* [Data section]:
+---+
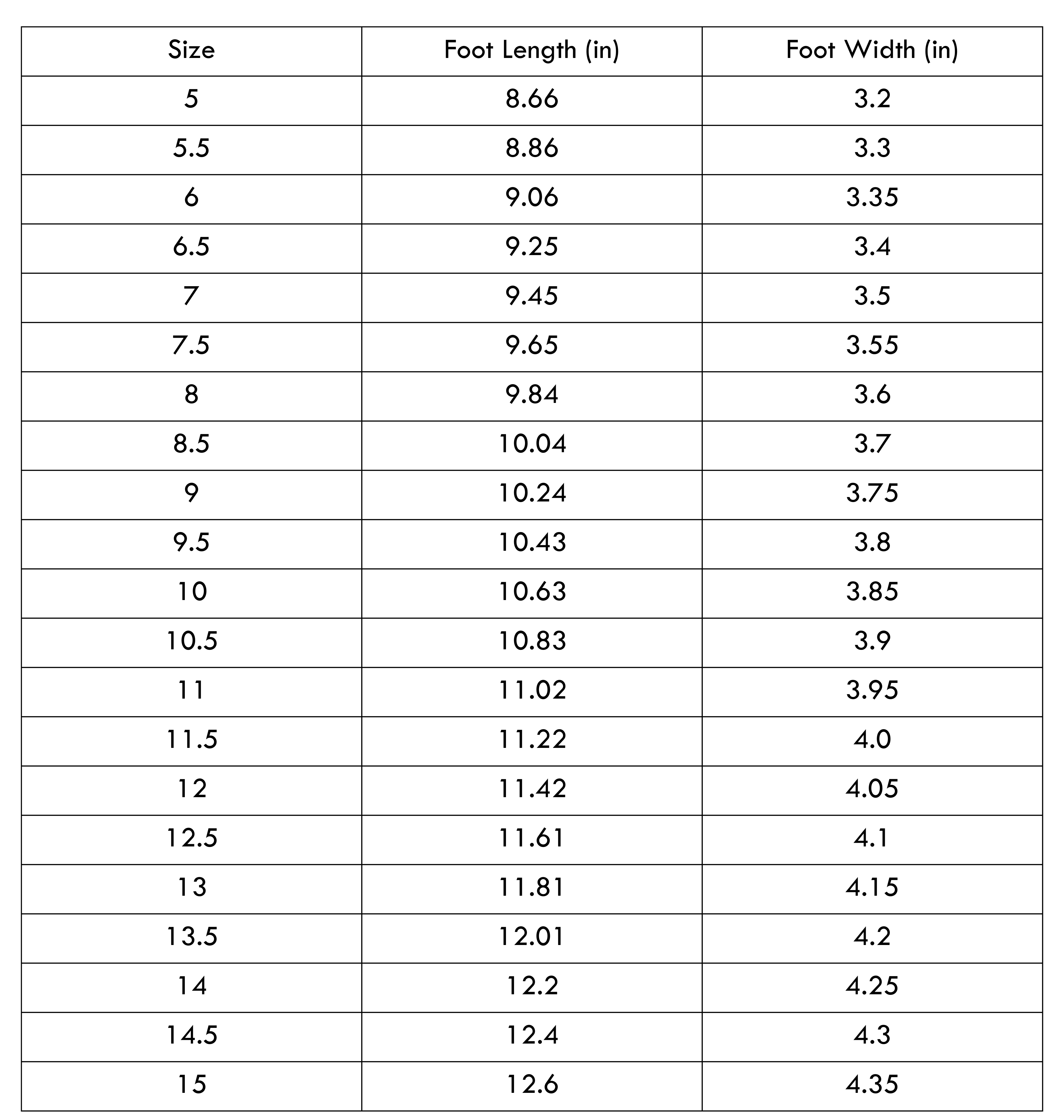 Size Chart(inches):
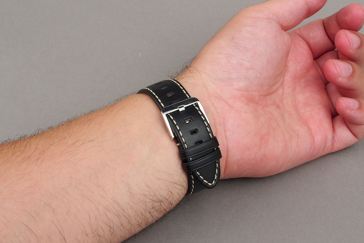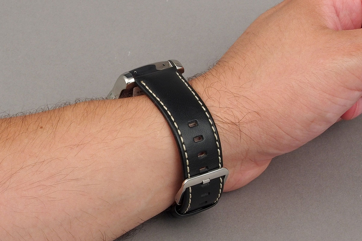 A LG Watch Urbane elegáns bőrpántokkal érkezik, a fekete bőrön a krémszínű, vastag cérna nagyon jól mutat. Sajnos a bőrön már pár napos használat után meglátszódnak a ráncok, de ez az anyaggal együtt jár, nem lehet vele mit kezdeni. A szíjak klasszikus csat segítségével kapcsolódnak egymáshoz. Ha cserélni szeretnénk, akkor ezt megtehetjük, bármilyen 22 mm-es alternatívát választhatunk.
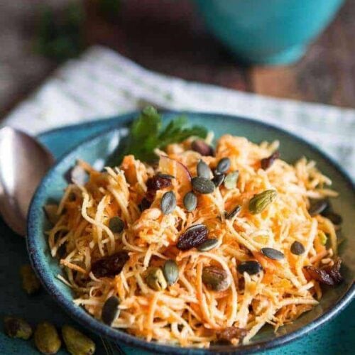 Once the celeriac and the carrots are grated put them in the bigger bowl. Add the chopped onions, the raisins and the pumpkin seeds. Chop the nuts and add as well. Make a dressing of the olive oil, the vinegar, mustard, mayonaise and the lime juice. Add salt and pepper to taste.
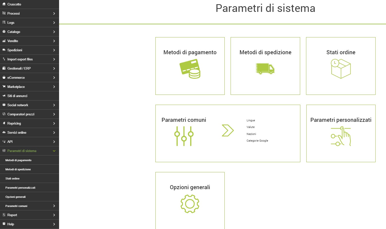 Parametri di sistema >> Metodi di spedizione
+---+
* [What you need to do]: What is needed is an exact copy of the lines above from the one with "A LG Watch Urbane" to the one with "Once the celeriac", both ends kept, and nothing more; please leave the pictures out.

* [Answer below]:
 A LG Watch Urbane elegáns bőrpántokkal érkezik, a fekete bőrön a krémszínű, vastag cérna nagyon jól mutat. Sajnos a bőrön már pár napos használat után meglátszódnak a ráncok, de ez az anyaggal együtt jár, nem lehet vele mit kezdeni. A szíjak klasszikus csat segítségével kapcsolódnak egymáshoz. Ha cserélni szeretnénk, akkor ezt megtehetjük, bármilyen 22 mm-es alternatívát választhatunk.
 Once the celeriac and the carrots are grated put them in the bigger bowl. Add the chopped onions, the raisins and the pumpkin seeds. Chop the nuts and add as well. Make a dressing of the olive oil, the vinegar, mustard, mayonaise and the lime juice. Add salt and pepper to taste.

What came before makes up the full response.